TASK BRIEF
Skip all pictures, then copy the lines from the start of the data through the line with "저소득층, 소상공인의 4대 보험료 부담을 덜어드립니다!", keeping both ends.

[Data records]
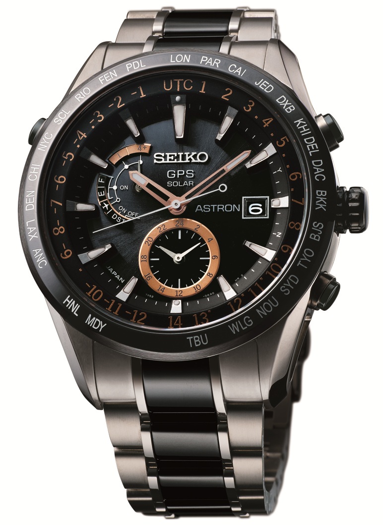 Seiko Astron GPS Solar: riconosce 39 fusi orari, una volta al giorno capta il segnale orario, si collega con 4 o più satelliti GPS orbitanti, identifica fusi e ora esatta in 30″, la precisione è di + – 15″ al mese
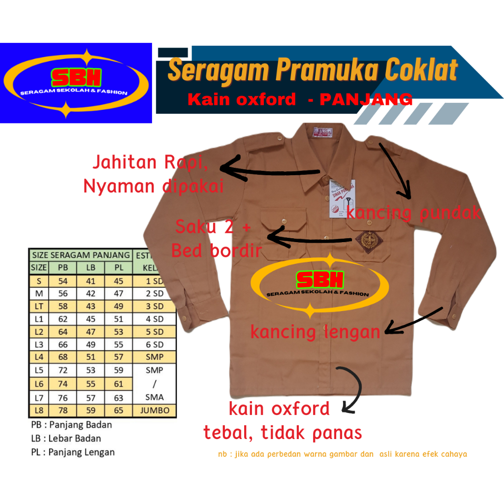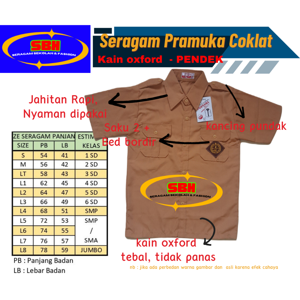 Seragam sekolah baju pramuka coklat (kain Oxfrord) pendek / panjang SD / SMP / SMA
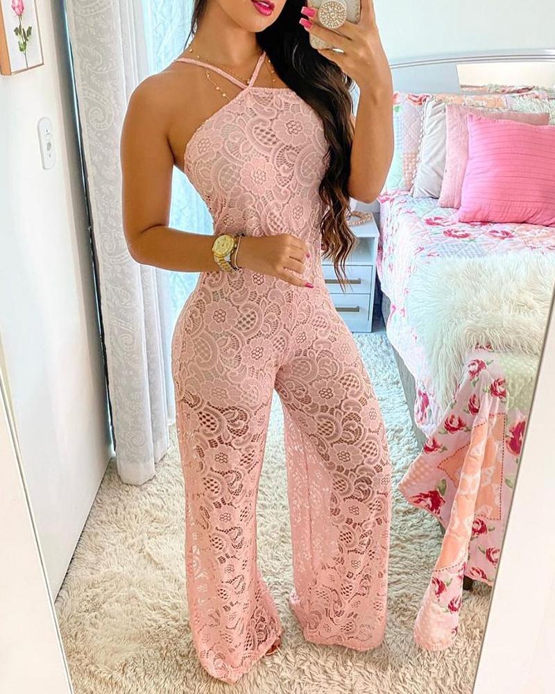 Style:Romantic Type:Jumpsuits Material:Lace Neckline:Halter Sleeve Style:Sleeveless Length:Long Pattern Type:Plain Decoration:Lace,Slit Fit Type:Regular Occasion:Daily Package Include:1*Jumpsuit
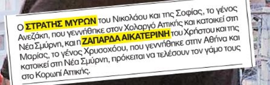 Το ζευγάρι, το οποίο είναι μαζί εδώ και πέντε χρόνια, επισφραγίζοντας τον έρωτά του με τον ερχομό του μικρού Νικόλα (τα βαφτίσια μάλιστα του μπόμπιρα έγιναν μόλις πριν από μερικές εβδομάδες), ετοιμάζεται να παντρευτεί και μάλιστα λίαν συντόμως, όπως μαρτυρά και η αγγελία γάμου την οποία δημοσιεύει σήμερα αποκλειστικά η «Espresso»!
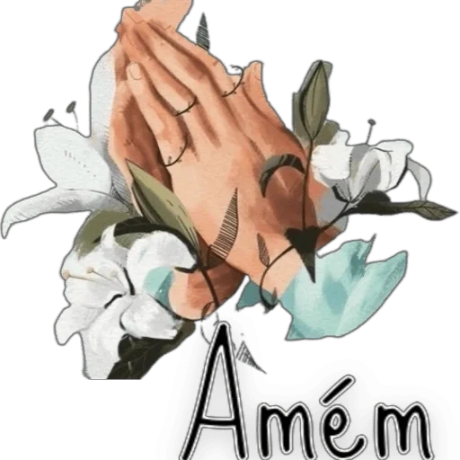 Mãos amarelas com palmas para cima e estrelas ao redor, com a palavra 'Amém' em letras grandes e coloridas.
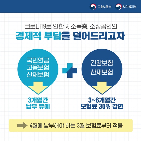 저소득층, 소상공인의 4대 보험료 부담을 덜어드립니다!
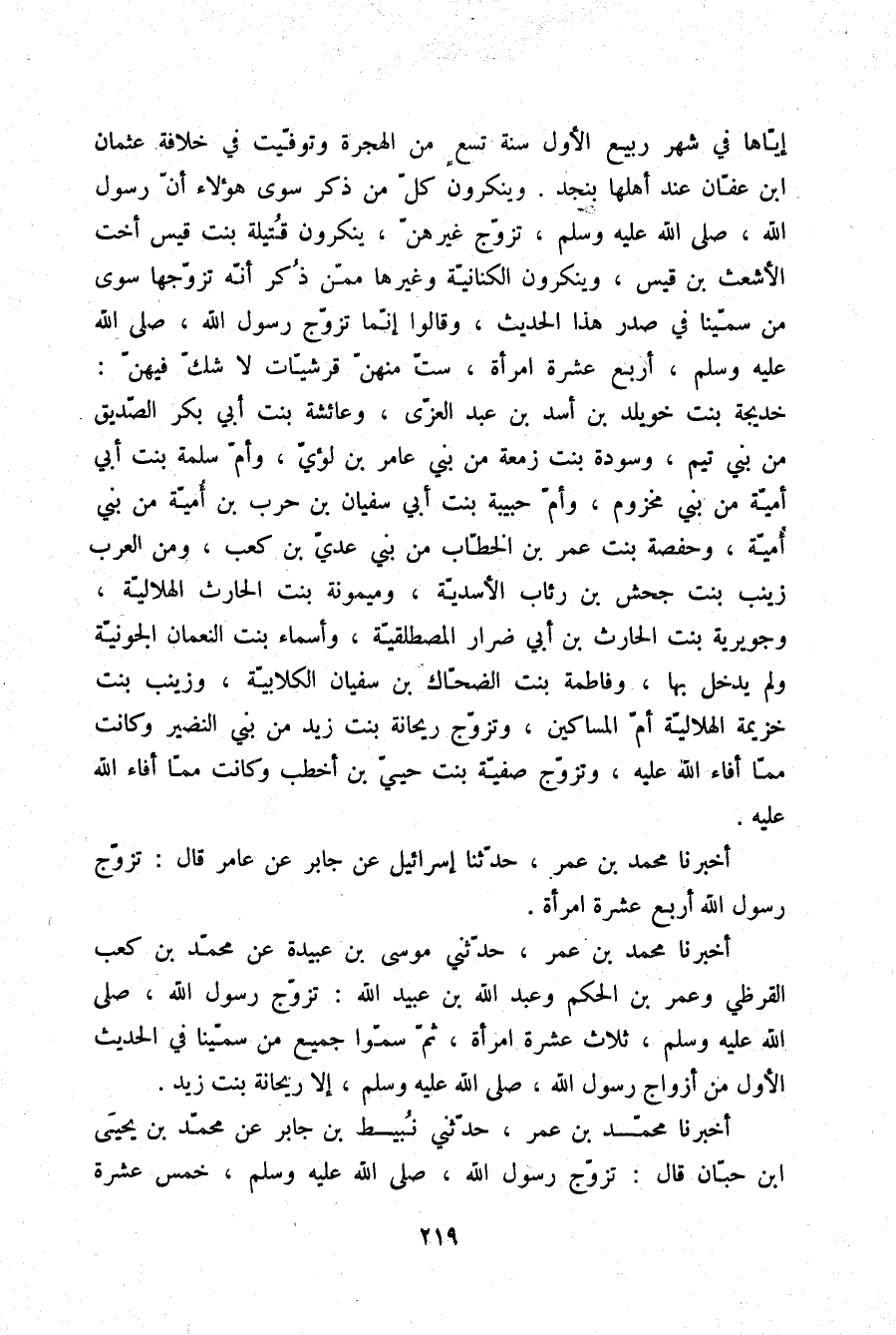 إِيَّاهَا فِي شَهْرِ رَبِيعٍ الْأَوَّلِ سَنَةَ تِسْعٍ مِنَ الْهِجْرَةِ وَتُوُفِّيَتْ فِي خِلَافَةِ عُثْمَانَ بْنِ عَفَّانَ عِنْدَ أَهْلِهَا بِنَجْدٍ , وَيُنْكِرُونَ كُلَّ مَنْ ذُكِرَ سِوَى هَؤُلَاءِ أَنَّ رَسُولَ اللَّهِ صلّى الله عليه وسلم تَزَوَّجَ غَيْرَهُنَّ يُنْكِرُونَ , قُتَيْلَةَ بِنْتَ قَيْسٍ أُخْتَ الْأَشْعَثَ بْنِ قَيْسِ وَيُنْكِرُونَ الْكِنَانِيَّةَ وَغَيْرَهَا مِمَّنْ ذُكِرَ أَنَّهُ تَزَوَّجَهَا سِوَى مَنْ سَمَّيْنَا فِي صَدْرِ هَذَا الْحَدِيثِ , وَقَالُوا: إِنَّمَا تَزَوَّجَ رَسُولُ اللَّهِ صلّى الله عليه وسلم أَرْبَعَ عَشْرَةَ امْرَأَةً , سِتٌّ مِنْهُنَّ قُرَشِيَّاتٌ لَا شَكَّ فِيهِنَّ: خَدِيجَةُ بِنْتُ خُوَيْلِدِ بْنِ أَسَدِ بْنِ عَبْدِ الْعُزَّى , وَعَائِشَةُ بِنْتُ أَبِي بَكْرٍ الصِّدِّيقِ مِنْ بَنِي تَيْمٍ , وَسَوْدَةُ بِنْتُ زَمْعَةَ مِنْ بَنِي عَامِرِ بْنِ لُؤَيٍّ , وَأُمُّ سَلَمَةَ بِنْتُ أَبِي أُمَيَّةَ مِنْ بَنِي مَخْزُومٍ , وَأُمُّ حَبِيبَةَ بِنْتُ أَبِي سُفْيَانَ بْنِ حَرْبِ بْنِ أُمَيَّةَ مِنْ بَنِي أُمَيَّةَ , وَحَفْصَةُ بِنْتُ عُمَرَ بْنِ الْخَطَّابِ مِنْ بَنِي عَدِيِّ بْنِ كَعْبٍ , وَمِنَ الْعَرَبِ: زَيْنَبُ بِنْتُ جَحْشِ بْنِ رِيَابٍ الْأَسَدِيَّةُ , وَمَيْمُونَةُ بِنْتُ الْحَارِثِ الْهِلَالِيَّةُ , وَجُوَيْرِيَةُ بِنْتُ الْحَارِثِ بْنِ أَبِي ضِرَارٍ الْمُصْطَلَقِيَّةُ , وَأَسْمَاءُ بِنْتُ النُّعْمَانِ الْجُونِيَّةُ وَلَمْ يَدْخُلْ بِهَا , وَفَاطِمَةُ بِنْتُ الضَّحَّاكِ بْنِ سُفْيَانَ الْكِلَابِيَّةُ , وَزَيْنَبُ بِنْتُ خُزَيْمَةَ الْهِلَالِيَّةُ أُمُّ الْمَسَاكِينِ , وَتَزَوَّجَ رَيْحَانَةَ بِنْتَ زَيْدِ مِنْ بَنِي النَّضِيرِ وَكَانَتْ مِمَّا أَفَاءَ اللَّهُ عَلَيْهِ , وَتَزَوَّجَ صَفِيَّةَ بِنْتَ حُيَيِّ بْنِ أَخْطَبَ وَكَانَتْ مِمَّا أَفَاءَ اللَّهُ عَلَيْهِ

WRITTEN RESPONSE
 Seiko Astron GPS Solar: riconosce 39 fusi orari, una volta al giorno capta il segnale orario, si collega con 4 o più satelliti GPS orbitanti, identifica fusi e ora esatta in 30″, la precisione è di + – 15″ al mese
 Seragam sekolah baju pramuka coklat (kain Oxfrord) pendek / panjang SD / SMP / SMA
 Style:Romantic Type:Jumpsuits Material:Lace Neckline:Halter Sleeve Style:Sleeveless Length:Long Pattern Type:Plain Decoration:Lace,Slit Fit Type:Regular Occasion:Daily Package Include:1*Jumpsuit
 Το ζευγάρι, το οποίο είναι μαζί εδώ και πέντε χρόνια, επισφραγίζοντας τον έρωτά του με τον ερχομό του μικρού Νικόλα (τα βαφτίσια μάλιστα του μπόμπιρα έγιναν μόλις πριν από μερικές εβδομάδες), ετοιμάζεται να παντρευτεί και μάλιστα λίαν συντόμως, όπως μαρτυρά και η αγγελία γάμου την οποία δημοσιεύει σήμερα αποκλειστικά η «Espresso»!
 Mãos amarelas com palmas para cima e estrelas ao redor, com a palavra 'Amém' em letras grandes e coloridas.
 저소득층, 소상공인의 4대 보험료 부담을 덜어드립니다!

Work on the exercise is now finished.